The answer should be an exact repeat of the stretch of material below from the line containing "Sertifikaciju sam stekao" through the line containing "Pro hladkou jízdu".

# # # # # # #

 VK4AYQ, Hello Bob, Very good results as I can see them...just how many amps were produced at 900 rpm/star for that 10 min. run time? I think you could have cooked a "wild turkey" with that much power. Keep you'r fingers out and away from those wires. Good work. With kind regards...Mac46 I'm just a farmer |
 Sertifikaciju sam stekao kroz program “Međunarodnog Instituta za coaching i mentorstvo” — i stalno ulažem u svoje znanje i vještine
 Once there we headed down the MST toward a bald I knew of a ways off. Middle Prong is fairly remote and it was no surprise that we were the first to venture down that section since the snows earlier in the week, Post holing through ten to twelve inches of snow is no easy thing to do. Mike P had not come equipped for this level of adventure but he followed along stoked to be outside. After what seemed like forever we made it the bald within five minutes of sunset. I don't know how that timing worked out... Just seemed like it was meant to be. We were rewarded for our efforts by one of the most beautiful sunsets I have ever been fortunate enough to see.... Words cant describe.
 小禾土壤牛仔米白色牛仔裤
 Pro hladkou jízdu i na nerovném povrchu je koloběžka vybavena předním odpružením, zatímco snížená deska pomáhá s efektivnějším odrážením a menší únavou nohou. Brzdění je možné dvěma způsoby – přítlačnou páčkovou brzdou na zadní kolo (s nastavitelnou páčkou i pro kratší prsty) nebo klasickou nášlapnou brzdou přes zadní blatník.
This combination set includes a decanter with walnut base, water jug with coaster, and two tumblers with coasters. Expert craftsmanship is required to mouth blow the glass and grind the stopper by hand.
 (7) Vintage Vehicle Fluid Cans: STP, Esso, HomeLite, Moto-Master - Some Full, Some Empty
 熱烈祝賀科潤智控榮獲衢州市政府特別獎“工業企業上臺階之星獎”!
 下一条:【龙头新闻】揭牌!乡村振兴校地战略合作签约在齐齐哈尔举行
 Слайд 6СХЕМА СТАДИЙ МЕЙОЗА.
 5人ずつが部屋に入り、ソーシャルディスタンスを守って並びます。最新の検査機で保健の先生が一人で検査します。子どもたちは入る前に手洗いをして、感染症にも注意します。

# # # # # # #

# OUTPUT FOR THIS EXERCISE
 Sertifikaciju sam stekao kroz program “Međunarodnog Instituta za coaching i mentorstvo” — i stalno ulažem u svoje znanje i vještine
 Once there we headed down the MST toward a bald I knew of a ways off. Middle Prong is fairly remote and it was no surprise that we were the first to venture down that section since the snows earlier in the week, Post holing through ten to twelve inches of snow is no easy thing to do. Mike P had not come equipped for this level of adventure but he followed along stoked to be outside. After what seemed like forever we made it the bald within five minutes of sunset. I don't know how that timing worked out... Just seemed like it was meant to be. We were rewarded for our efforts by one of the most beautiful sunsets I have ever been fortunate enough to see.... Words cant describe.
 小禾土壤牛仔米白色牛仔裤
 Pro hladkou jízdu i na nerovném povrchu je koloběžka vybavena předním odpružením, zatímco snížená deska pomáhá s efektivnějším odrážením a menší únavou nohou. Brzdění je možné dvěma způsoby – přítlačnou páčkovou brzdou na zadní kolo (s nastavitelnou páčkou i pro kratší prsty) nebo klasickou nášlapnou brzdou přes zadní blatník.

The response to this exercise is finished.